The Sh200 billion turnover is being buttressed by another figure, that of the 12 million betting accounts held with the mobile phone companies. If each account represented a unique customer, then those 12 million accounts would be held by half the adult population. We also know that the vast majority of bettors are the youth. The 12 million accounts figure is about the same as the total population of the 20-35 age group, which would suggest that virtually every young person has a betting account. That is a stretch and it stands to reason that some punters will have betting accounts with different companies. Still if we assume that each bettor has four accounts on average, this still translates to three million unique accounts, six times the Finaccess figure of 500,000. In its statement, SportPesa gives a figure of 700,000 visitors during the first half of 2019.

Img.2Part of this conundrum may be explained by another contribution to this debate on Twitter by one Jerry, who claims to have opened over 10,000 phantom betting accounts. Pressed to explain why, Jerry said that it was paid work. Why would betting companies pay people to open phantom accounts? The readily apparent reason is to inflate the size of the business and by so doing be able to pass off laundered monies as revenue, as would massive advertising and high profile sports sponsorships. It turns out that the betting epidemic may not be as big as it is made out to be and indeed, the Finaccess findings may be a more accurate reflection of the size of the industry.

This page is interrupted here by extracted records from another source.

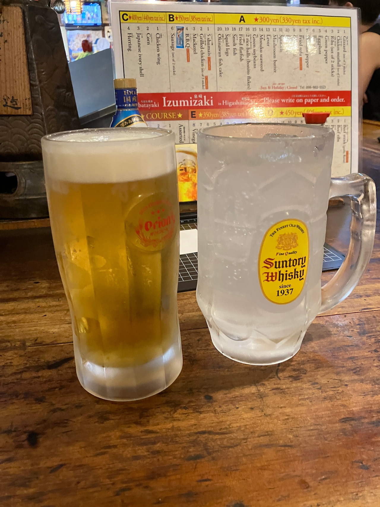 오키나와의 현지 맥주는 오리온 맥주다. 짝꿍은 하이볼 비슷한 것을 주문했는데 자기 얼굴보다 잔이 나와서 두 손으로 마실 수밖에 없었다. 예의를 절로 갖추게 되는 크기였다.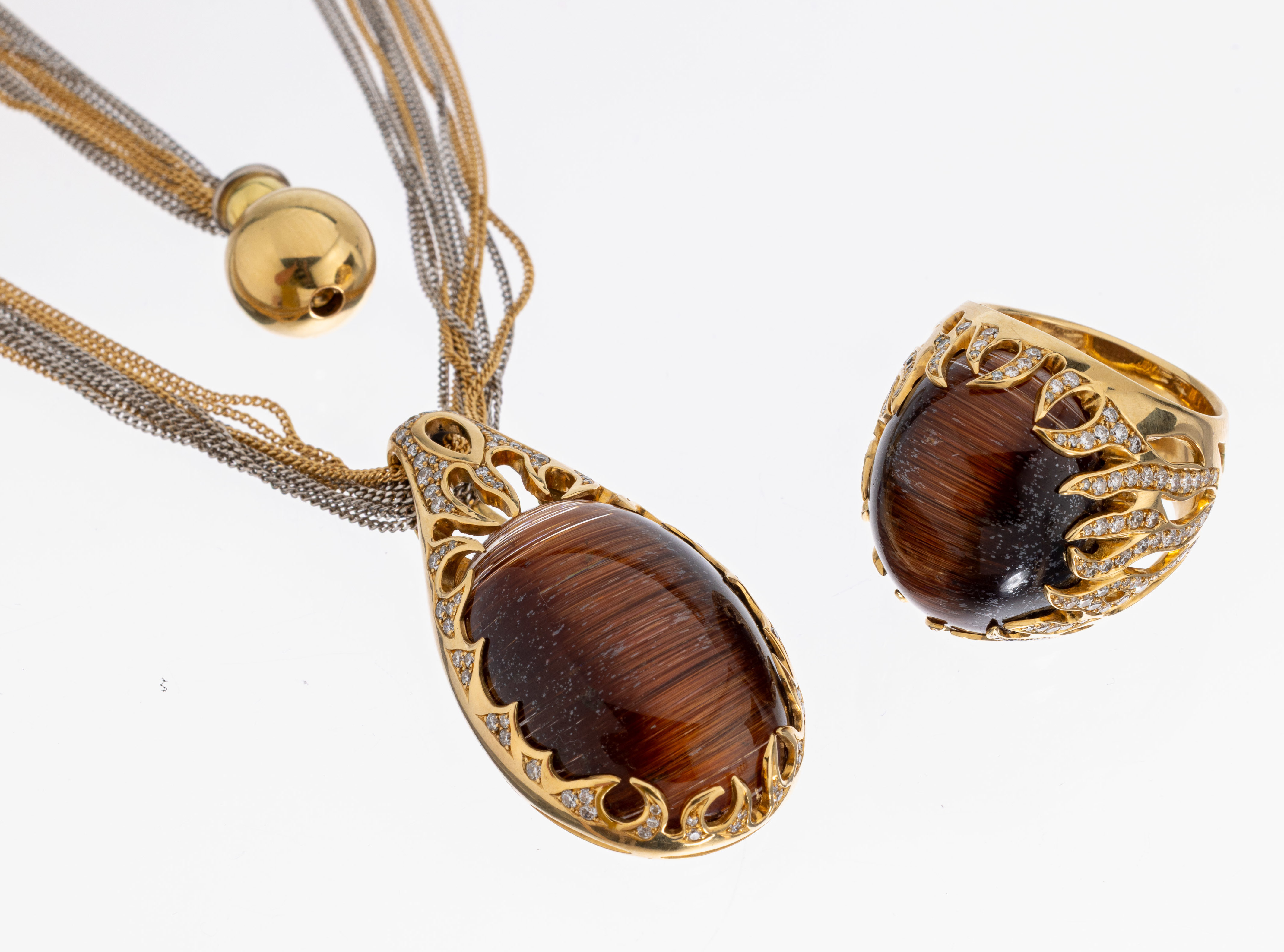 18 kt Gold Katzenaugen-Brillant-Schmuckset, GG/WG 750/000, Einzelanfertigung eines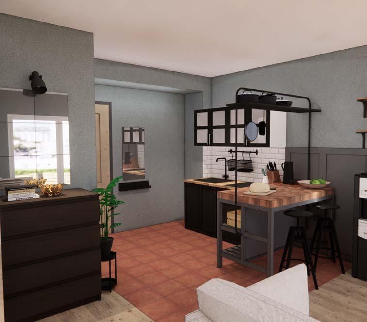 The main idea is to create a traditional interior looks, combined with a masculine style. The main feature is the use of terracotta tiles in the kitchen as a subtle divider that leads to the living area.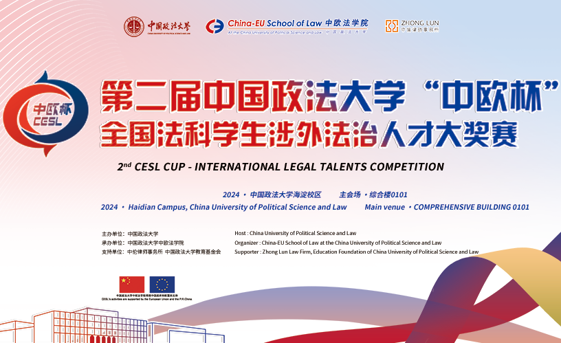 由中国政法大学主办,中国政法大学中欧法学院承办,中伦律师事务所、中国政法大学教育基金会支持的第二届中国政法大学“中欧杯”全国法科学生涉外法治人才大奖赛的复赛将于2024年5月25日-26日在中国政法大学海淀校区举行。大赛采用涉外法律英语演讲、模拟商事仲裁庭、模拟涉外谈判、模拟企业合规方案等比赛形式,来考查优秀的涉外法治人才所应具备的不同技能。“中欧杯”大赛是校际法学教育交流交融的新纽带。59名复赛选手来... >>>

According to a source quoted in the media, the Interior Ministry has “established that three politicians are involved in the business through proxies in the firms suspended on suspicion of money laundering”. The article goes on to report one of the issues under investigation as “whether a well-moneyed senior politician is among the shareholders of one of the big suspended firms through a company registered in a tax haven which is being used to launder money stolen from public coffers”.

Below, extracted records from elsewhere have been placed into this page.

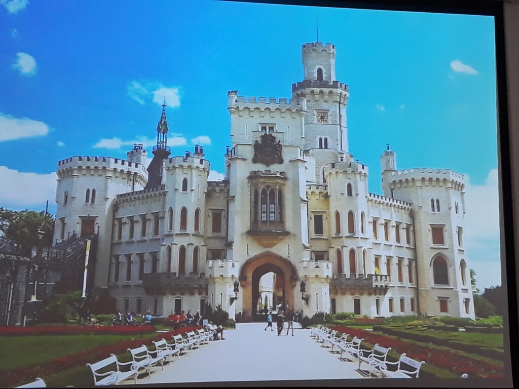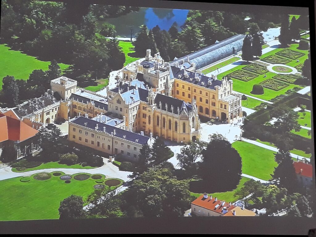 a także mimo zmian ustrojowych, kiedy to często zamieniano pałace i dwory na budynki użyteczności publicznej, które potem ulegały zniszczeniu. W Czechach jest też duża liczba kościołów, które jako zabytki utrzymywane są w dobrym stanie mimo niskiej religijności Czechów. Ponieważ Czechy przez wieki były związane z królewskim rodem Habsburgów , wiele więc zamków i pałaców związanych z tą właśnie dynastią pozostało jeszcze na terenie Czech . I te zabytki pokazał nam w swojej prelekcji pan Krzysztof Myśliński. Oglądaliśmy zdjęcia pięknych pałaców a prelegent omawiał pokazywane nam obrazy, przybliżał ich pochodzenie i historię. Pierwszym pałacem, który zobaczyliśmy był pałac „Mikulov” – największy w Europie kompleks pałacowy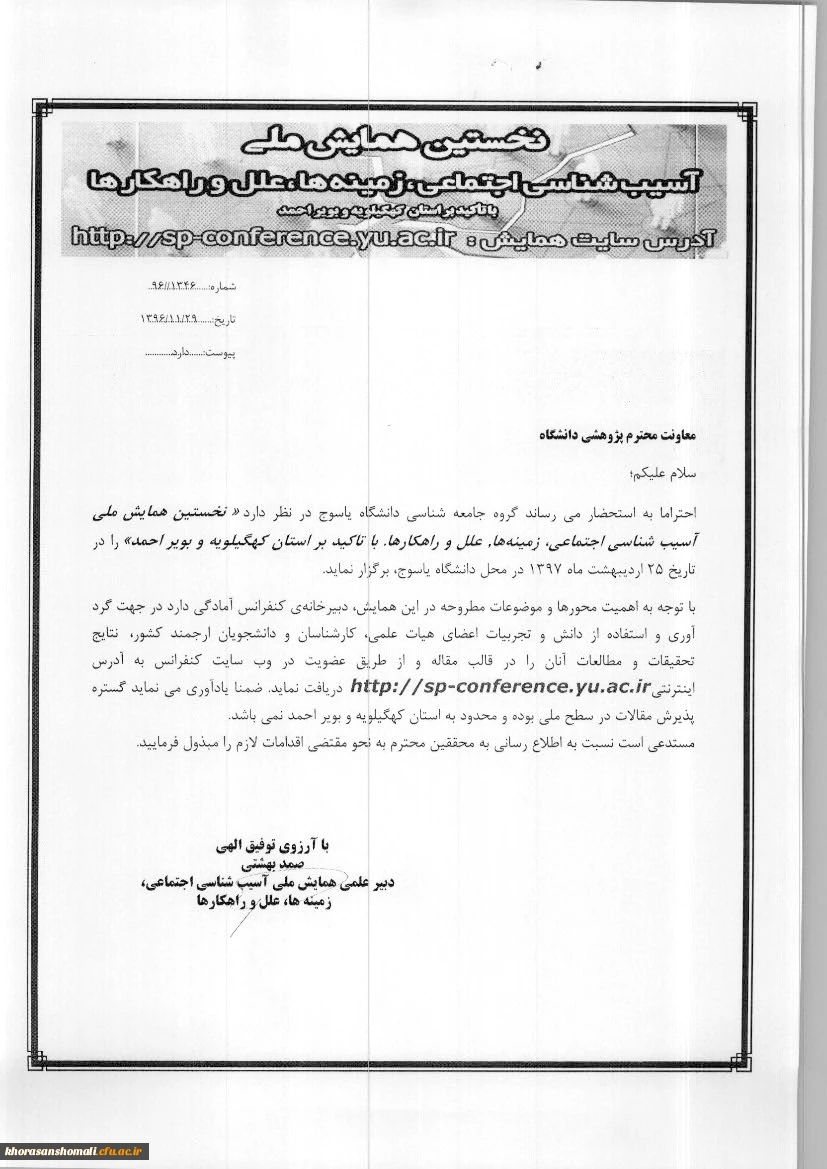 امتیاز دهید : همایش ملی آسیب شناسی اجتماعی، زمینه ها، علل و راهکارها(دانشگاه یاسوج) 2 شنبه 12 اسفند 1396 ساعت 10:27
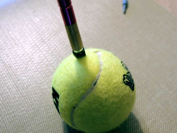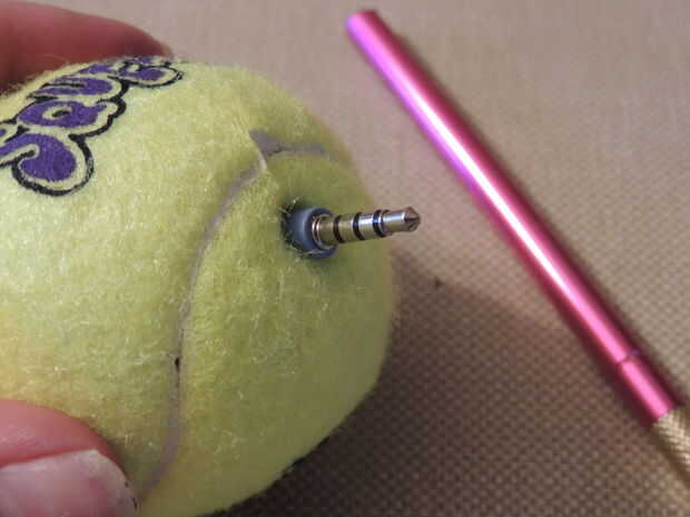 Para insertar al conector en la bola, usted necesita hacer algunos cortes. Presione con firmeza el cuchillo en la bola. Estas bolas de Kong son bastante fuertes por lo que tendrá que realizar algún esfuerzo al principio. Una vez que el primer corte, el resto será mucho más fácil. Gire la cuchilla 90 grados y hacer otro corte. Prueba de la bola y ver si puede apretar el gato en la abertura. Si no puedes, gire la cuchilla ligeramente y añadir más cortes como sea necesario hasta que el gato puede ser empujado. Terminé haciendo unos cuantos cortes terminan en un orificio de forma de copo de nieve. El agujero realmente no será visible como un taladro y no debería ser. Desea que las rebanadas para sujetar al conector en su lugar.

No prizes for guessing who the well-moneyed senior politician is.

It thus appears that the assault on the betting companies, far from being a general money-laundering investigation, is actually part of the weaponisation of anti-corruption to take down the said well-moneyed senior politician. The vitriolic, lawless modus operandi accords with the manner in which this political warfare is being prosecuted generally. As is Uhuru Kenyatta’s statement—for the betting companies are indeed his friends who, unfortunately for them, have become collateral damage.

It is also telling, I think, that the onslaught on the betting companies has coincided with the high profile arrests and opening of prosecutions in the Arror and Kimwarer dams corruption case. Among the revelations from the investigation is that the money laundering trail led to London and Dubai—both are members of the Egmont Group.

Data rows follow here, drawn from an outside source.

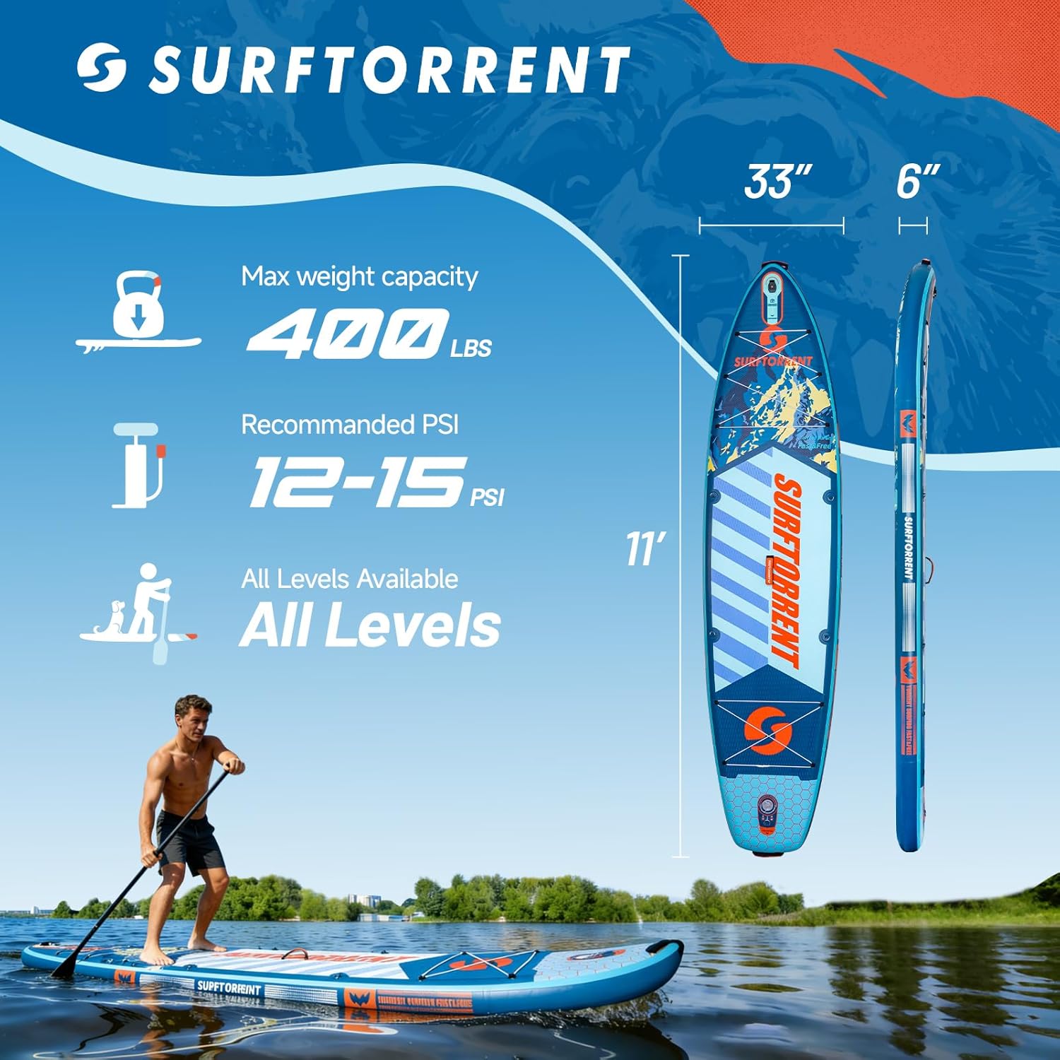 Surftorrent 11'x33" Inflatable Stand Up Paddle Board Experience water adventures with confidence and ease on the Surftorrent premium inflatable SUP. Its extra-wide 33" design and three-fin system deliver superior stability and tracking for paddlers of all levels—from beginners to yoga enthusiasts and anglers. Built with military-grade PVC for durability and weighing only 17.8 lbs, it packs easily into the included backpack for true portability. The board features 14 reinforced D-rings and a front mount for adding accessories like a kayak seat or camera. Everything you need is included: adjustable paddle, fins, pump, safety leash, phone pouch, and repair kit. We stand behind your adventure with 24/7 support, a 30-day return guarantee, and extended warranties. Dive in, explore freely, and own the water with Surftorrent. Surftorrent exists for one purpose: to set you free on the water. Our paddle boards are built for adventure—stable enough for first-timers yet ready for whatever you discover. it’s the tool that turns distant coastlines into your personal playground. We include everything you need to launch your journey. This is more than a board; it’s your invitation to own the horizon.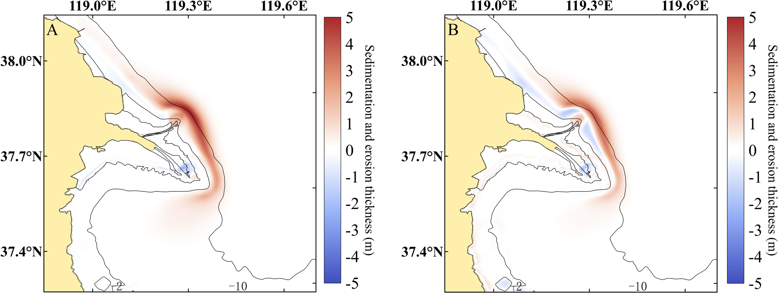 In comparison to the current extensive deposition around the estuary, the tidal flats in the northern part of the Yellow River Delta exhibit a slight erosion state, with a maximum erosion depth of 5.52m over a 10-year period. From the Gudong seawall to 6,000m south of the abandoned sand spit along the 0m isobath, a strip erosion state is observed, with a width of the strip ranging from 4,000m to 6,000m. The overall arc of erosion around the abandoned sand spit may be attributed to the shape of the estuary protruding and the strength of the tidal currents along the shoreline. The maximum erosion depth is 2.21m and is located near the fore edge of the abandoned channel at 6600m. In the area of the delta front edge, the difference between the unsteady scenarios Run2 and Run4 is considerable. The minimum, mean and maximum values reach -3.01m, 1.76m and 4.03m, respectively. As we move seaward, the difference gradually decreases and almost disappears at the isohaline depth of 16m (<0.1m).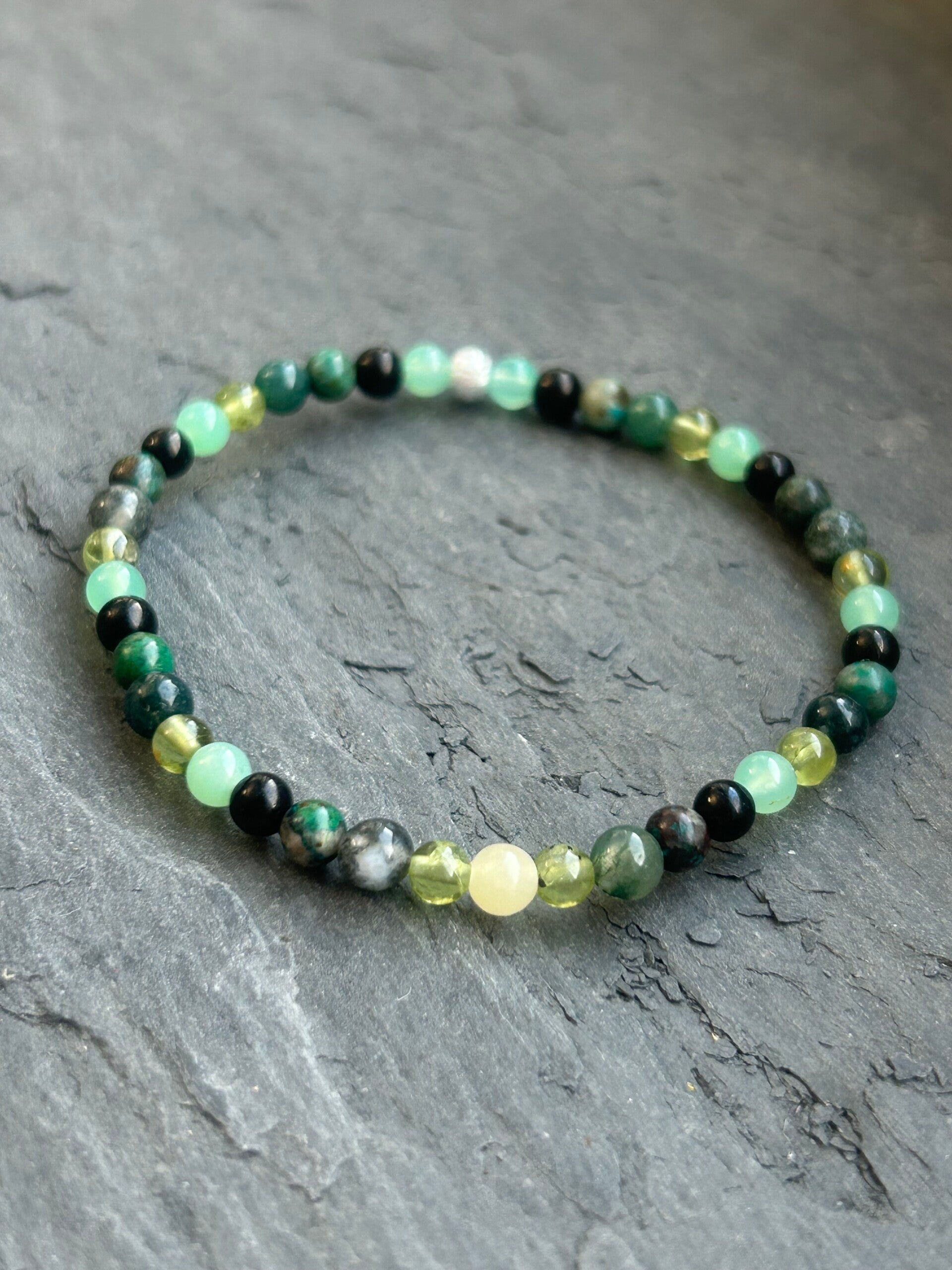 Heilsteine (Link zu Beschreibung und Wirkung): Calcit gelb, Chrysokoll, Chrysopras, Gagat, Moosachat, Peridot

From this we can infer that the Government was quite happy to cozy up to the industry until the William Ruto takedown opened a Pandora’s box. Hitherto, it mattered not whether the betting business is a Sh20 billion or Sh200 billion business, whether it was evading taxes, fuelling a gambling epidemic, or even laundering money for drug lords, human and wildlife traffickers and terrorist networks. You can get away with all that, and even buy protection for all of that, just as long as you steer clear of the struggle for power.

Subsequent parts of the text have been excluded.